新薬の創出には膨大なコストと時間がかかり成功確率も極めて低いと指摘されて久しい。一方では、経口C型肝炎治療薬やがんの免疫チェックポイント阻害剤などの画期的新薬の登場により一部の疾患ではこれまでの治療概念が覆されつつあるのがこの数年である。こうした画期的新薬登場の背景にも、病態・病因の分子レベルでの理解と新規標的の発見、そして的確に標的をヒットする化合物や抗体の創出と最適化、これらのいずれのステップにおいても相応の技術と時間を要したことは忘れてはならない。

 殊に近年の進行再発がん治療の進展には目を見張るものがあり、今年も新たな成果が次々と報告されると期待される。ドライバー遺伝子変異を標的とした分子標的治療薬は第二、第三世代へと進化し、特定の患者群では大幅な無増悪生存期間の延長が実現しつつある。加えて免疫チェックポイント阻害剤で実証されつつある長期生存例の出現は、がんに対抗するT細胞免疫がいかに強力であるかを物語っており、新たなチェックポイント阻害剤の開発も期待される。また、二重特異性抗体などを用いた通常のT細胞受容体を介さないT細胞の動員・活性化にも期待がかかっている。

 多種にわたるドライバー遺伝子変異の一括解析、腫瘍の微小環境やがん細胞が持つ免疫原性の総合的分析、それらのいずれの局面においても近い将来、がん組織の網羅的遺伝子(変異)プロファイリングが最適な個別化医療実現のためには必須な解析手法になると予想する。
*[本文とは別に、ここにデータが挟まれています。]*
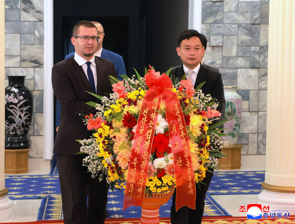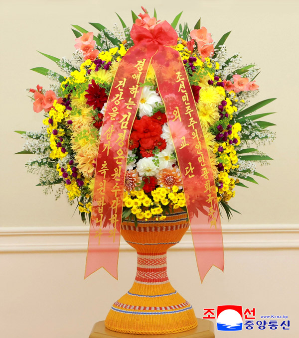 꽃바구니와 축하편지를 외교단을 대표하여 윁남사회주의공화국 특명전권대사, 로씨야련방 림시대리대사가 5일 해당 부문 일군에게 전달하였다.(끝)

 翻って創薬技術の視点で考えて見ると、低分子医薬、抗体医薬いずれにおいても大きな進展がみられる。特に抗体では通常のIgGが持つ中和活性や細胞障害活性に加え、抗体薬物複合体や二重特異性抗体などの新規機能を付与する改変技術の応用が進み、抗体医薬品の標的は大幅に拡大された。一方、細胞内の標的には抗体は届かず、細胞内に入って蛋白-蛋白相互作用、蛋白-核酸相互作用、あるいは核酸自身を標的と出来る中程度の分子サイズの薬物という新たな治療薬概念が、今後の新薬創出の一つの鍵となるであろう。